App verschlüsselt WeChat-Nachrichten

Das chinesische Start-up LeakZero bietet in China ein Tool an, mit der Nutzer WeChat-Nachrichten verschlüsselt versenden können. LeakZero ermöglicht es Nutzern auch, im Internet anonym zu surfen und Passwörter zu schützen. Die App besitzt kein Backdoor-Programm und kann weder ermitteln, wer seine Nutzer sind, noch wie viele es sind.

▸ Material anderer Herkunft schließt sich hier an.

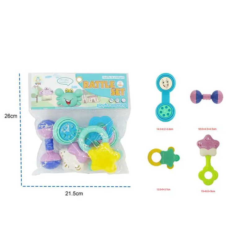Игрушка для новорожденных, детская От 0 до 1 года, Колокольчик для ребенка, головоломка, набор из 4 предметов, лучший подарок для ребенка, прорезыватель, ручная погремушка, Когнитивная

Um die App zu nutzen, generieren Nutzer zunächst einen zufälligen Namen als ID. Öffnen sie danach WeChat, wird sie von LeakZero überlagert und die Nachrichten werden verschlüsselt. Um sie zu entschlüsseln, muss der Empfänger ebenfalls LeakZero installiert haben.

Empathie-Sensoren für Autofahrer

Das britische Technologieunternehmen Sensum hat eine Sensortechnologie auf den Markt gebracht, die Emotionen von Fahrern in Echtzeit aus Körper-, Gesichts- und Sprachdaten ableitet. Mit dem Synsis Empathic Technology Developer Kit sollen Hersteller von Automobilen und Simulatoren menschliche Gefühle messen und darauf reagieren können. Das Kit erkennt zum Beispiel, ob der Fahrer abgelenkt oder müde ist, bevor es sich in seinem Fahrstil niederschlägt. Neben den Sicherheitsvorteilen sollen empathische Fahrzeugtechnologien künftig auch personalisierte Unterhaltung und Services bieten.